*** DATASET CONTENT Section Begins ***

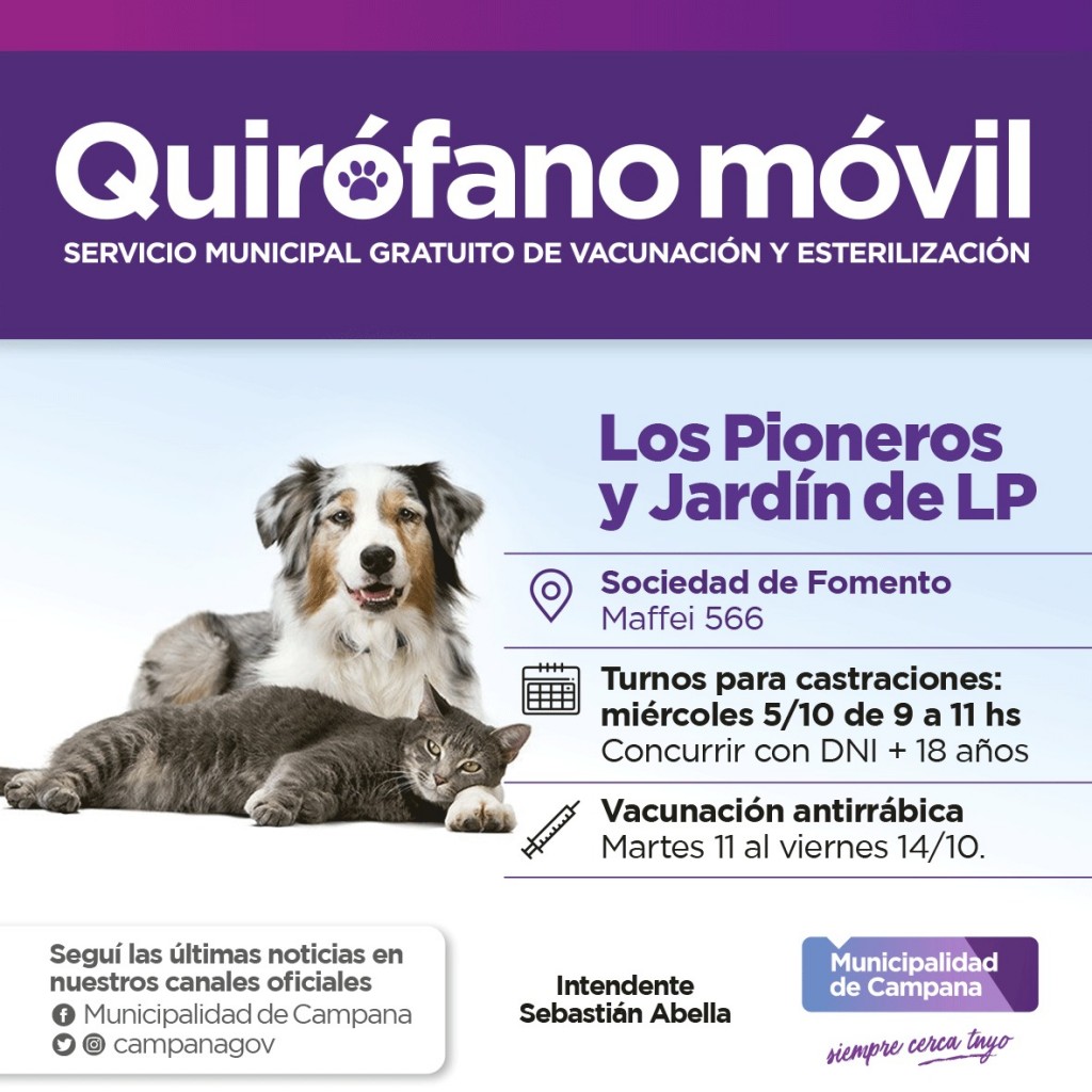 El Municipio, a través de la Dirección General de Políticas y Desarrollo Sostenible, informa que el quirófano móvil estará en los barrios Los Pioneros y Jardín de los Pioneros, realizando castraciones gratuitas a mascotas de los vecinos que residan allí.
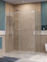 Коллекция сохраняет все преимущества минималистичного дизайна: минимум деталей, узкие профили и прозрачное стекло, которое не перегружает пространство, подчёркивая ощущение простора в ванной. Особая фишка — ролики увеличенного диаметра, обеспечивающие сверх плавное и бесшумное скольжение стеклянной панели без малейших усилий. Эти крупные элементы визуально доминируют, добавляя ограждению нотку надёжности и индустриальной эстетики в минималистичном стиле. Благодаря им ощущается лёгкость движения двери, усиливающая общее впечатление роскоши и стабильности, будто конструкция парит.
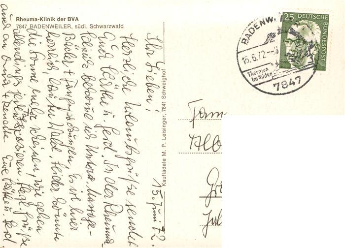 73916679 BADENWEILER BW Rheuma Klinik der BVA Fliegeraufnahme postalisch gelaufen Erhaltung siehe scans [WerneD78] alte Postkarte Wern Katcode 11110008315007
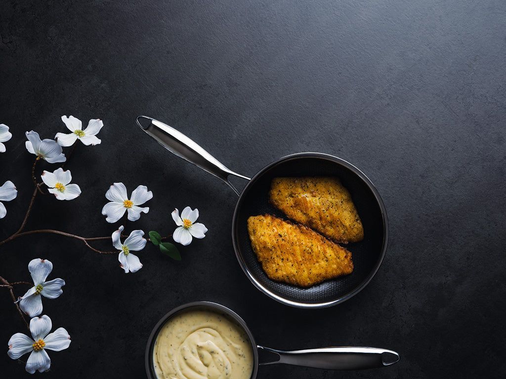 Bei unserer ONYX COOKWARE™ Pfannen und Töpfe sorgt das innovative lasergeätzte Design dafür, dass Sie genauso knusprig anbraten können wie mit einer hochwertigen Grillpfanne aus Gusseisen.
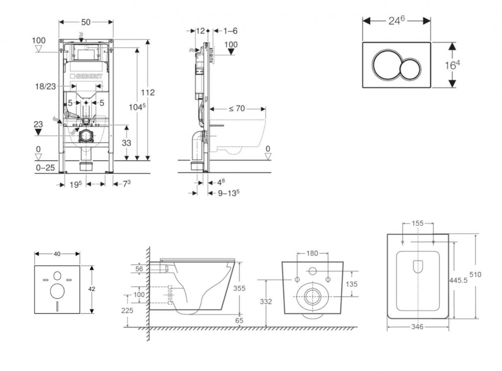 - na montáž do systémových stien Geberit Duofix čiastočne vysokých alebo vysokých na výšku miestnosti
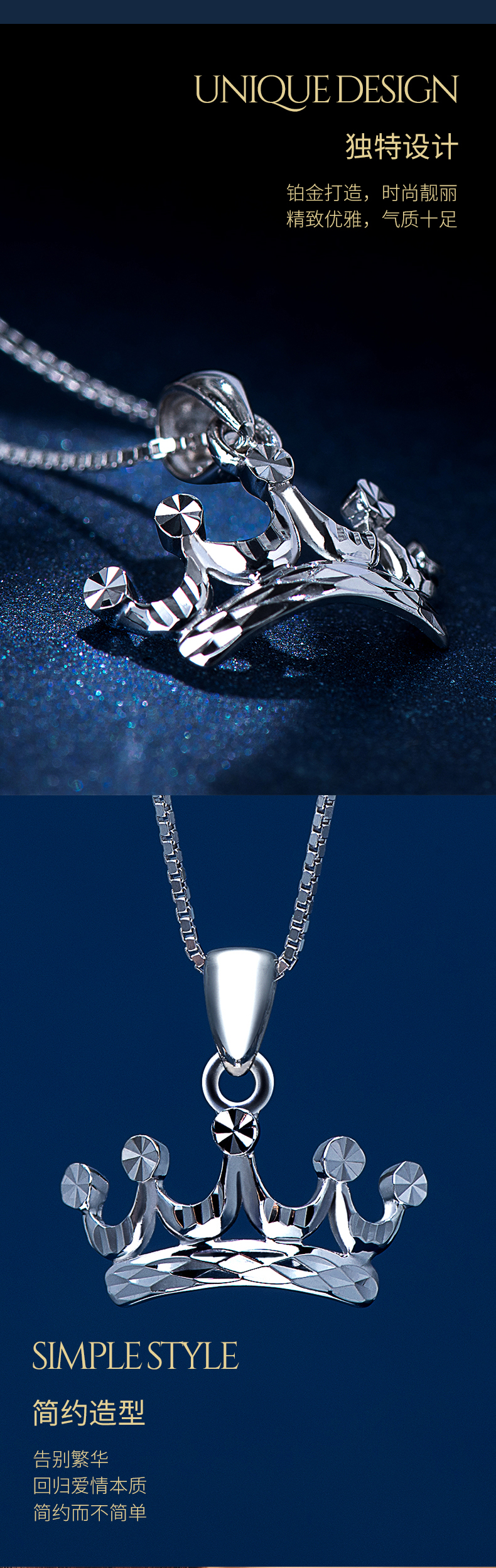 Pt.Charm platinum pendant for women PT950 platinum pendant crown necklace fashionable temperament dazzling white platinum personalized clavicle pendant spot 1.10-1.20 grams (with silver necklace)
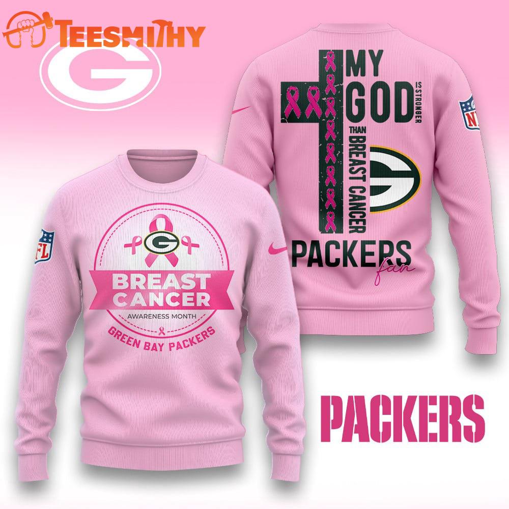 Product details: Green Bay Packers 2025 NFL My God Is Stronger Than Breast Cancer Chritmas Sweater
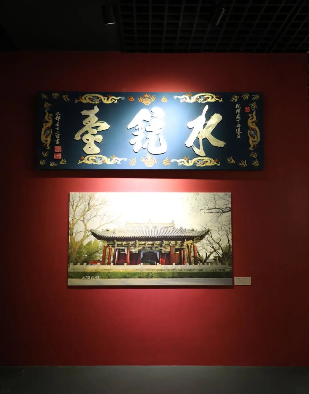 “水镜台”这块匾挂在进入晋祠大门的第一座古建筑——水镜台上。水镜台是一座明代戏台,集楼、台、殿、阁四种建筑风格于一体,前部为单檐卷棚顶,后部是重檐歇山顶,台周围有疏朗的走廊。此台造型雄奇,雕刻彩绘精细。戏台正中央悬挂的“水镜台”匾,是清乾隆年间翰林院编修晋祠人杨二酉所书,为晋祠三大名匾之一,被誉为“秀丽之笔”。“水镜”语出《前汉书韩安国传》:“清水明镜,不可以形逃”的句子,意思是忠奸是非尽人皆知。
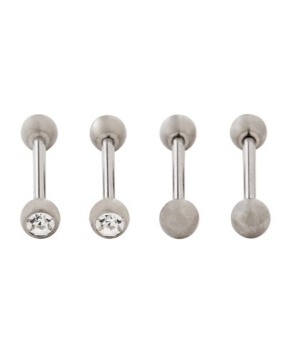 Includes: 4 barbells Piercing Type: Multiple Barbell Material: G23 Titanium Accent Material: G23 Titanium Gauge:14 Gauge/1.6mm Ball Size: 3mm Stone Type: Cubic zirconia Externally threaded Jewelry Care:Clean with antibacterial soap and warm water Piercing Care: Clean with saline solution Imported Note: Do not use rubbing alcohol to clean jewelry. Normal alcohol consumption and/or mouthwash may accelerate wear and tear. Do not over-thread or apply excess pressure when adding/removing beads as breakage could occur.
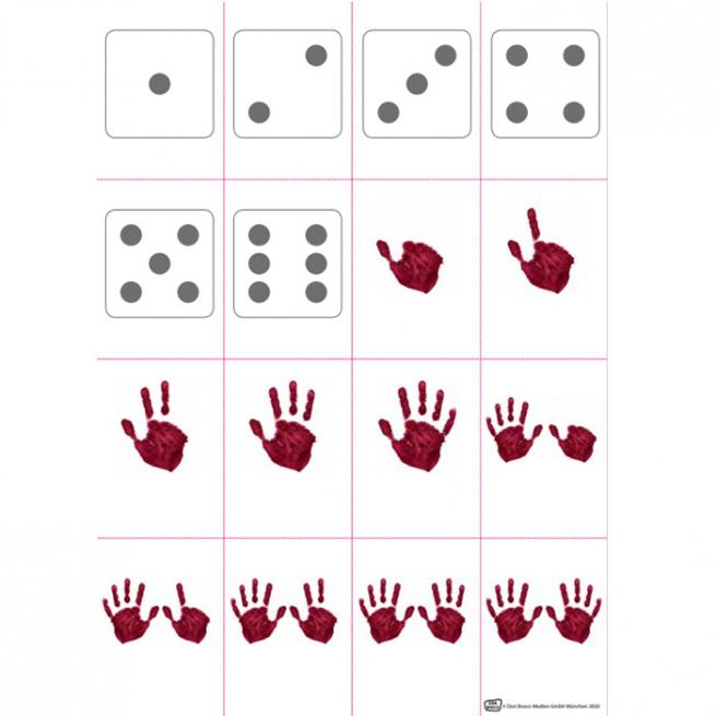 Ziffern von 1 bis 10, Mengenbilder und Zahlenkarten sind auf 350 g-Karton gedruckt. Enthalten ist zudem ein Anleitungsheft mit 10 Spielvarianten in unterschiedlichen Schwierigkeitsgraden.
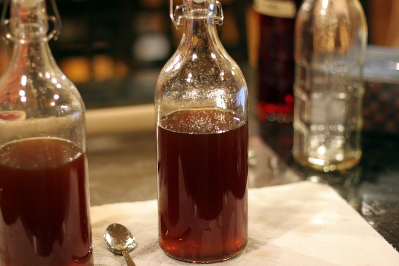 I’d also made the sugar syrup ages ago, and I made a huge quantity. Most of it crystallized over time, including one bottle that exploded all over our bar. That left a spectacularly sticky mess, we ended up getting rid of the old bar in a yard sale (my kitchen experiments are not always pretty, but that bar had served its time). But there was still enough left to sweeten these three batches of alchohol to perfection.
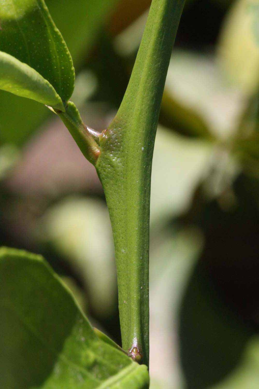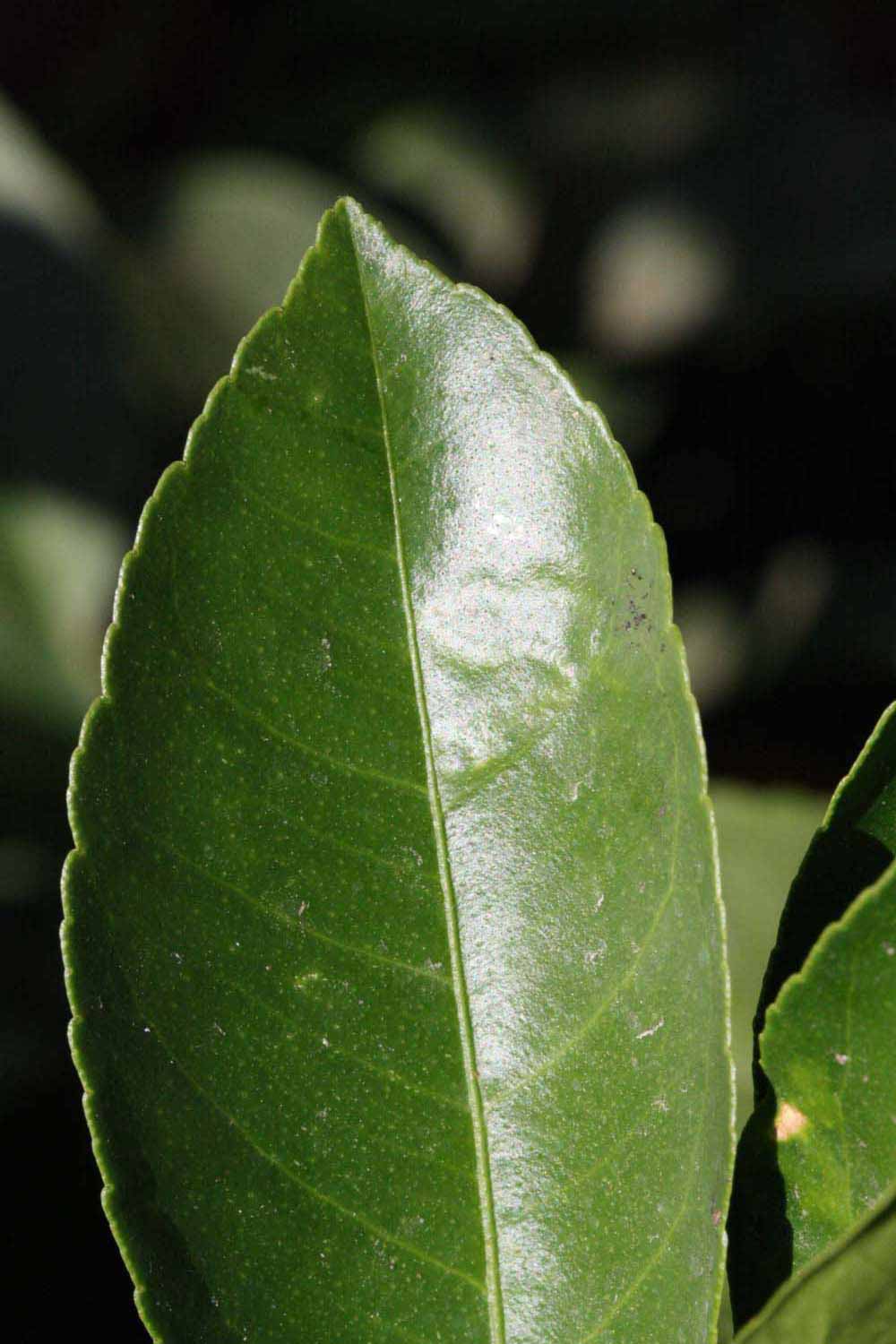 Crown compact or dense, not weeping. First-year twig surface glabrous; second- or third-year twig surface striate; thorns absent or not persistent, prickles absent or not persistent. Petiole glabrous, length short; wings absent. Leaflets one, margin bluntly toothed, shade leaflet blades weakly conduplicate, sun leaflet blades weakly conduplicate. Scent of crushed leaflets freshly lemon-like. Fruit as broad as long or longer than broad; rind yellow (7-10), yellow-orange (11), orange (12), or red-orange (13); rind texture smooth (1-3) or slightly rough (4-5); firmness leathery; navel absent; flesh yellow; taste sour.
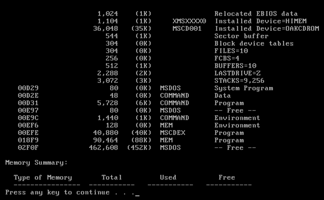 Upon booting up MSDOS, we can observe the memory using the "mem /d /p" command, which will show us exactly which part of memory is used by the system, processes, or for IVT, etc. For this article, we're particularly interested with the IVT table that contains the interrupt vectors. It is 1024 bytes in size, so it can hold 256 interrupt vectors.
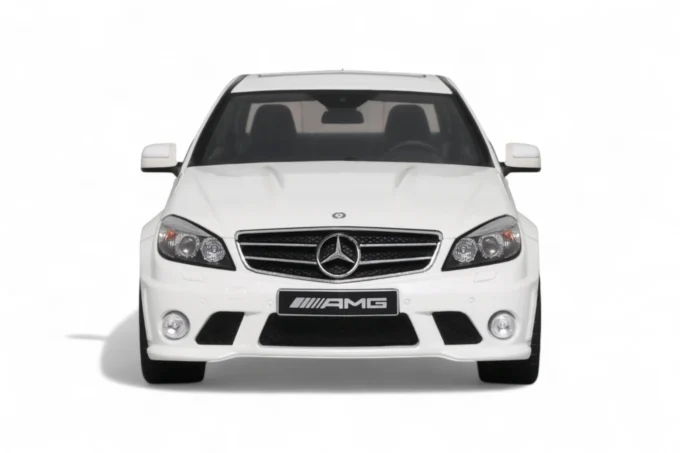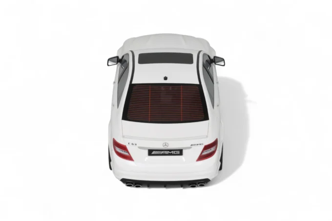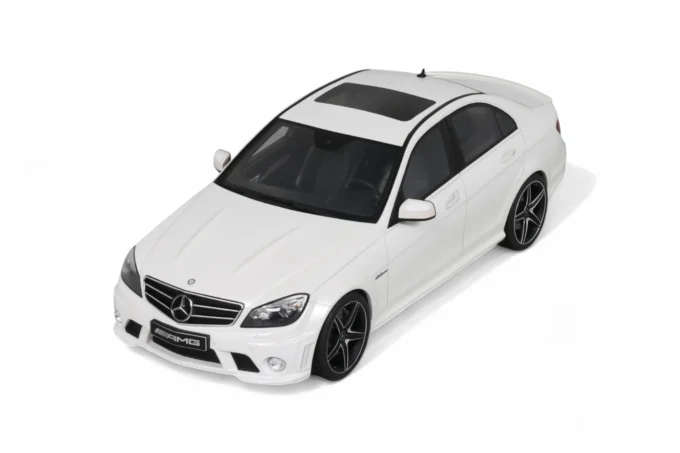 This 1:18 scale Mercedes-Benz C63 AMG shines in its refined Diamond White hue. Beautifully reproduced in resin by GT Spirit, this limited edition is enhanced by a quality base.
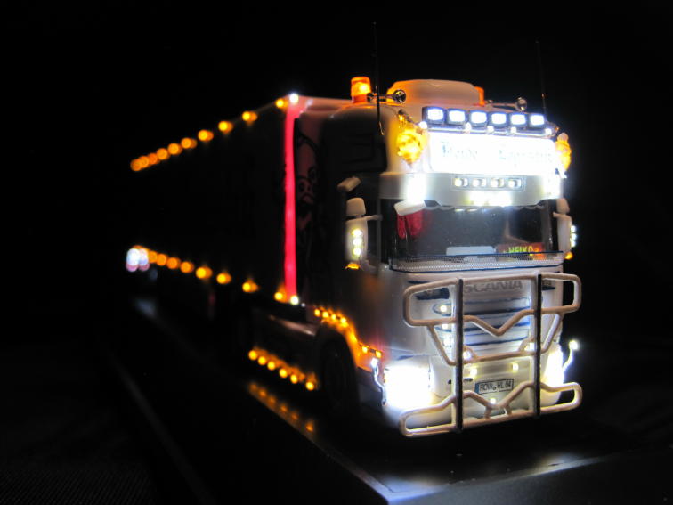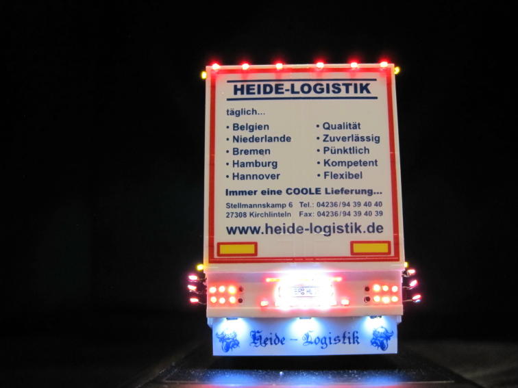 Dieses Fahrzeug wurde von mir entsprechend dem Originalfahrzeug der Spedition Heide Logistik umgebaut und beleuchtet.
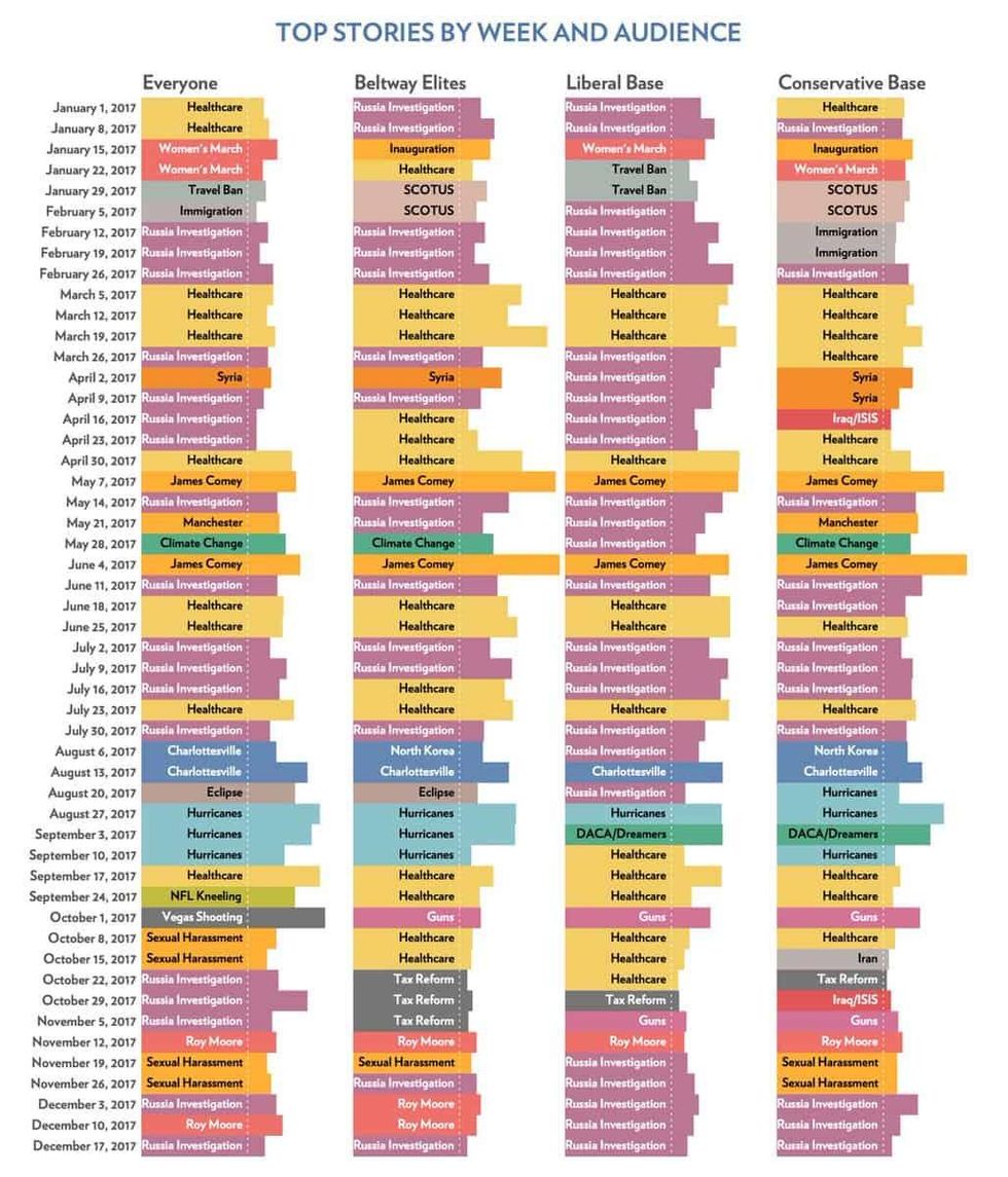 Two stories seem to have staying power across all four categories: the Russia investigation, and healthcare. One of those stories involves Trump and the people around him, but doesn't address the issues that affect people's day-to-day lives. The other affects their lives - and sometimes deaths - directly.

*** DATASET CONTENT Section Ends ***

**INSTRUCTIONS FOR THE TASK**
After locating "Коллекция сохраняет все" and "- na montáž" in the records above, return exactly the line holding each one and every line between them; leave out the pictures.

**TASK RESPONSE**
 Коллекция сохраняет все преимущества минималистичного дизайна: минимум деталей, узкие профили и прозрачное стекло, которое не перегружает пространство, подчёркивая ощущение простора в ванной. Особая фишка — ролики увеличенного диаметра, обеспечивающие сверх плавное и бесшумное скольжение стеклянной панели без малейших усилий. Эти крупные элементы визуально доминируют, добавляя ограждению нотку надёжности и индустриальной эстетики в минималистичном стиле. Благодаря им ощущается лёгкость движения двери, усиливающая общее впечатление роскоши и стабильности, будто конструкция парит.
 73916679 BADENWEILER BW Rheuma Klinik der BVA Fliegeraufnahme postalisch gelaufen Erhaltung siehe scans [WerneD78] alte Postkarte Wern Katcode 11110008315007
 Bei unserer ONYX COOKWARE™ Pfannen und Töpfe sorgt das innovative lasergeätzte Design dafür, dass Sie genauso knusprig anbraten können wie mit einer hochwertigen Grillpfanne aus Gusseisen.
 - na montáž do systémových stien Geberit Duofix čiastočne vysokých alebo vysokých na výšku miestnosti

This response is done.